Deep Residual Learning for Image Recognition: ResNet 시각화 리뷰

개발

Deep Residual Learning for Image Recognition: ResNet 시각화 리뷰

Hugh Q Lee 2025. 3. 25. 20:56

ResNet을 제시한 논문 "Deep Residual Learning for Image Recognition"을 params# 측면에서의 주요 컨셉을 코드 및 시각화로 리뷰합니다.

Figure 3. Example network architectures for ImageNet (He et al., 2016).

$$\text{conv_params}=\text{input_ch}×\text{output_ch}×\text{kernel_w}×\text{kernel_h}+\text{bias}$$

1. 첫 레이어

비교	VGG's	ResNet's
params#	260,160	9,472

# VGG

import torch.nn as nn

module = nn.Sequential(
    nn.Conv2d(in_channels=3, out_channels=64, kernel_size=3, stride=1, padding='same'),
    nn.Conv2d(in_channels=64, out_channels=64, kernel_size=3, stride=1, padding='same'),
    nn.MaxPool2d(kernel_size=2, stride=2),
    nn.Conv2d(in_channels=64, out_channels=128, kernel_size=3, stride=1, padding='same'),
    nn.Conv2d(in_channels=128, out_channels=128, kernel_size=3, stride=1, padding='same'),
    nn.MaxPool2d(kernel_size=2, stride=2)
    )
    
>
----------------------------------------------------------------
        Layer (type)               Output Shape         Param #
================================================================
            Conv2d-1         [-1, 64, 224, 224]           1,792
            Conv2d-2         [-1, 64, 224, 224]          36,928
         MaxPool2d-3         [-1, 64, 112, 112]               0
            Conv2d-4        [-1, 128, 112, 112]          73,856
            Conv2d-5        [-1, 128, 112, 112]         147,584
         MaxPool2d-6          [-1, 128, 56, 56]               0
================================================================
Total params: 260,160

# ResNet

import torch.nn as nn

module = nn.Sequential(
    nn.Conv2d(in_channels=3, out_channels=64, kernel_size=7, stride=2, padding=3),
    nn.MaxPool2d(kernel_size=2, stride=2)
    )
    
>
----------------------------------------------------------------
        Layer (type)               Output Shape         Param #
================================================================
            Conv2d-1         [-1, 64, 112, 112]           9,472
         MaxPool2d-2           [-1, 64, 56, 56]               0
================================================================
Total params: 9,472

(좌) VGG's, (우) ResNet's 첫 레이어 until output_size (56,56)
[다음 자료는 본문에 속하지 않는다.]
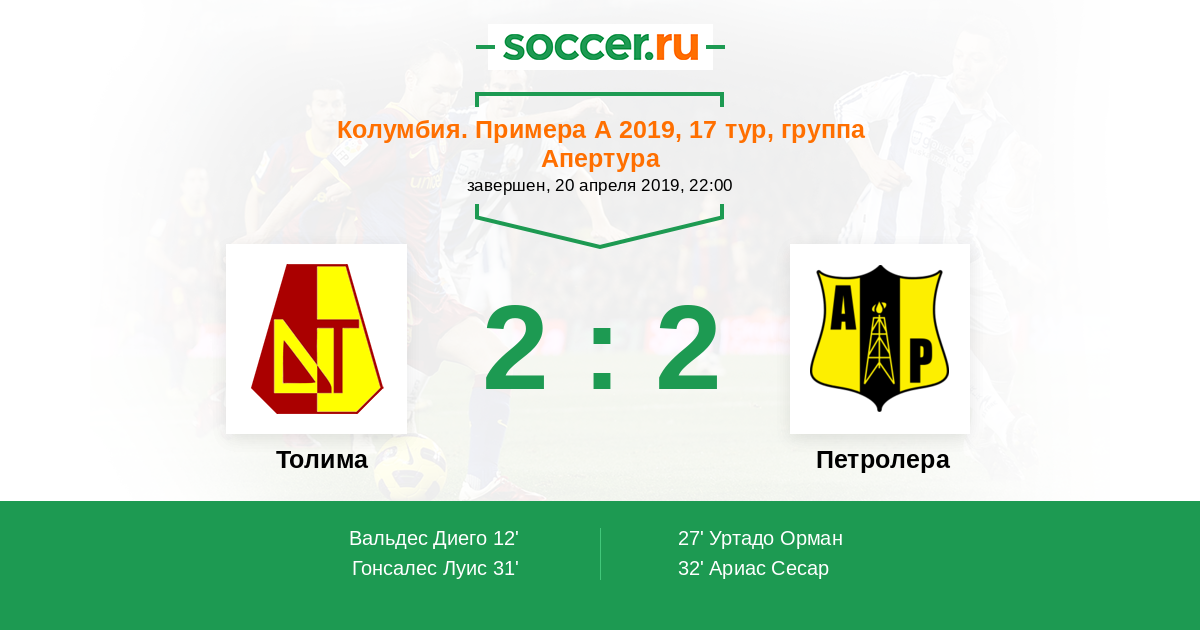 Протокол матча Толима против Петролера
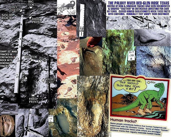THAT MAN (SOME VERY BIG) AND DINOSAURS LIVED TOGETHER! ![]() THESE MAN TRACKS, TOGETHER WITH DINOSAUR TRACKS, CREATES A SERIOUS PROBLEM FOR DEVOTEES OF THE METAPHYSICAL MACRO-EVOLUTIONARY FAITH. ACCORDING TO MACRO-EVOLUTIONARY FUNDAMENTALISTS, (THOSE WHO ARBITRARILY DATE THE CRETACEOUS LIME STONE BETWEEN 140-65 MILLION YEARS) "BELIEVE" DINOSAURS WERE SUPPOSED TO HAVE BEEN EXTINCT AT LEAST 65 MILLION YEARS BEFORE MAN EVOLVED. THEIR "PROFESSIONAL EXPLANATION" OF THESE TRACKS IS THAT DINOSAURS OCCASIONALLY WORE "HUMAN RUBBER BOOTIES!" THESE TRACKS ARE NOT A PROBLEM FOR CREATION FUNDAMENTALISTS, (THOSE WHO HOLD TO THE HISTORICAL ACCURACY OF THE BIBLES ACCOUNT OF "GIANTS" AND A GLOBAL FLOOD AROUND 4,300 YEARS AGO) BECAUSE BOTH ARE PREDICTED. " TABLE 1, BELOW, SUMMARIZES THE HUMAN CHARACTERISTICS OF THE FOSSIL FOOTPRINTS WITH THOSE STANDARDS OBTAINED FROM TWO SEPARATE SOURCES IN ANTHROPOLOGICAL STUDIES. AS CAN BE SEEN BY THESE STUDIES THERE IS NO DIFFERENCE. A TOTAL OF ABOUT 50 HUMAN-LIKE ICHNITES HAVE BEEN REPORTED BY THE CREATION EVIDENCE MUSEUM AT THE McFALL SITE. OUR TEAM STUDIED ONLY THE EIGHT THAT WE HELPED EXPOSE IN THIS CRETACEOUS STRATA. ![]() THE CONCLUSION IS INESCAPABLE. NUMEROUS EXCAVATIONS (WITH MANY WITNESSES) OF PRISTINE HUMAN-LIKE ICHNITES HAVE DISCOVERED HOMO SAPIENS MAKING TRACKS WITH DINOSAURS. A NEW SPECIES HAS NOT BEEN DISCOVERED. HUMAN-LIKE TOE TIPS IMPRESSED INTO THE ROCK WERE DISCOVERED AT THE END OF MANY OF THESE HUMAN-LIKE ICHNITE IMPRESSIONS. DINOSAUR DID NOT GROW HUMAN-LIKE TOES ON THEIR TOES. " THEY DIDN'T WEAR HUMAN RUBBER BOOTIES EITHER. " BAREFOOT HUMANS CAN PLACE THEIR FOOT INTO A FOSSIL HUMAN ICHNITE OF EQUAL DIMENSIONS AND KNOW INSTINCTIVELY THAT A HUMAN FOOT MADE SAID ICHNITE. " THIS TABLE WITH BACKGROUND INFO CAN BE FOUND IN THE SCIENTIFIC PAPER BELOW. "DIRECT DATING OF CRETACEOUS-JURASSIC FOSSILS" (AND OTHER EVIDENCES FOR HUMAN-DINOSAUR COEXISTENCE) A Creation Research Science-Education Foundation project, CRSEF, Box 292, Columbus OH 43216 Robert Garbe, Hugh Miller, John Whitmore, George Detwiler, Doug Wilber, Frank Vosler, John Ditmars, D. Davis Return to Contents |

$$ \begin{aligned} & \textbf{VGG's parameters:} \\[0.5em] 260,160 = &\; (3 \times 64 \times 3 \times 3 + 64) \\ &+ (64 \times 64 \times 3 \times 3 + 64) \\ &+ (64 \times 128 \times 3 \times 3 + 128) \\ &+ (128 \times 128 \times 3 \times 3 + 128) \end{aligned} $$ $$ \begin{aligned} & \textbf{ResNet's parameters:} \\[0.5em] 9,472 = &\; (3 \times 64 \times 7 \times 7 + 64) \end{aligned} $$

ResNet은 VGG에 비해 성능 지표(accuracy 등)가 더 우수할 뿐 아니라, Bottleneck 구조 덕분에 파라미터 수와 연산량이 줄어들어 더 효율적인 계산이 가능하며, 결과적으로 더 빠른 속도를 보일 수 있습니다.

2. Bottleneck 레이어

사실 Figure 3에서 표시한 34-layers에는 `x + y`를 설명할 뿐, Bottleneck을 설명할 수 없지만 params# 측면에서는 bottleneck이 더 두드러져 적용하여 설명하였습니다.
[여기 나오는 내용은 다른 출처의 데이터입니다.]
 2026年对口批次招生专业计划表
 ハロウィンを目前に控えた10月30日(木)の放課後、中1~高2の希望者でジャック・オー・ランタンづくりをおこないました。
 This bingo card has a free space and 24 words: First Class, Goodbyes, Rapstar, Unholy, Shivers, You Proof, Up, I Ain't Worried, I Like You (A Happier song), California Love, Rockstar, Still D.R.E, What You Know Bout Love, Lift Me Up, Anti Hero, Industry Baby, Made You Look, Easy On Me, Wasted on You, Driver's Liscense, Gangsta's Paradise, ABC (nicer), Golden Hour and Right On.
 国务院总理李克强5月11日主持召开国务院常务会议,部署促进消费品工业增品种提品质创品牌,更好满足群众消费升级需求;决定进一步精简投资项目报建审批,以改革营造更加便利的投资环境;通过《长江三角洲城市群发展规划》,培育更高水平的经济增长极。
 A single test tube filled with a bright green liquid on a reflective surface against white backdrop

비교	plain (ConvBlock) (숏컷 없음)	BottleneckBlock (실선)	BottleneckBlock (점선)
params#	73,856	45,248	57,728
Residual	X	O	O
Bottleneck	X	O (논문은 X)	O (논문은 X)
차원 변환	64 -> 64	64 -> 64	64 -> 128

import torch.nn as nn

class ConvBlock(nn.Module):
    def __init__(self, in_channels, out_channels, kernel_size, stride, padding):
        super(ConvBlock, self).__init__()
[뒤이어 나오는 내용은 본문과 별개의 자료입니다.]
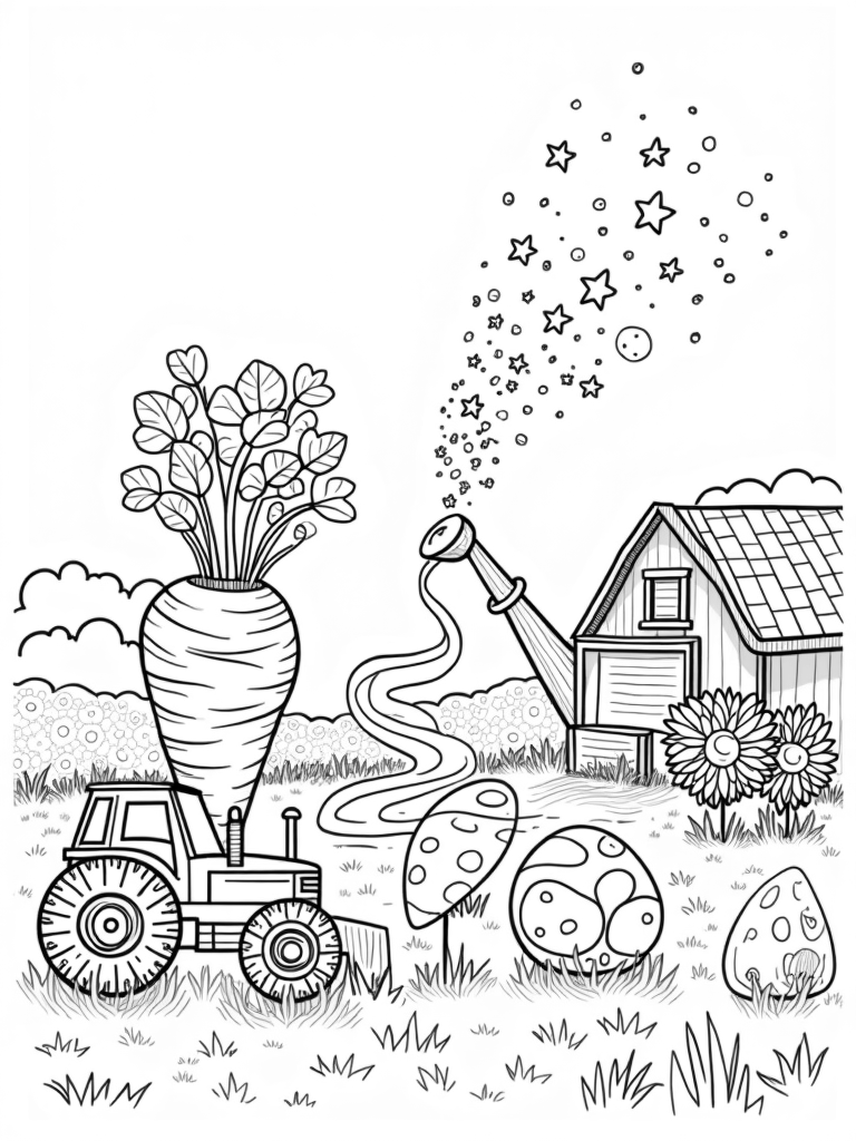 Check out this free, printable coloring page featuring a whimsical farm landscape with a giant carrot, patterned eggs, and a cosmic watering can. Perfect for kids who love to color and explore farm themes!

        self.conv1 = nn.Conv2d(in_channels=in_channels, out_channels=out_channels, kernel_size=kernel_size, stride=stride, padding=padding)
        self.conv2 = nn.Conv2d(in_channels=out_channels, out_channels=out_channels, kernel_size=kernel_size, stride=stride, padding=padding)

    def forward(self, x):
        x = self.conv1(x)
        x = self.conv2(x)
        return x
        
module = ConvBlock(in_channels=64, out_channels=64, kernel_size=3, stride=1, padding='same')

>
----------------------------------------------------------------
        Layer (type)               Output Shape         Param #
================================================================
            Conv2d-1           [-1, 64, 56, 56]          36,928
            Conv2d-2           [-1, 64, 56, 56]          36,928
================================================================
Total params: 73,856

import torch.nn as nn

class BottleneckBlock(nn.Module):
    def __init__(self, in_channels, out_channels, kernel_size, stride, padding):
        super(BottleneckBlock, self).__init__()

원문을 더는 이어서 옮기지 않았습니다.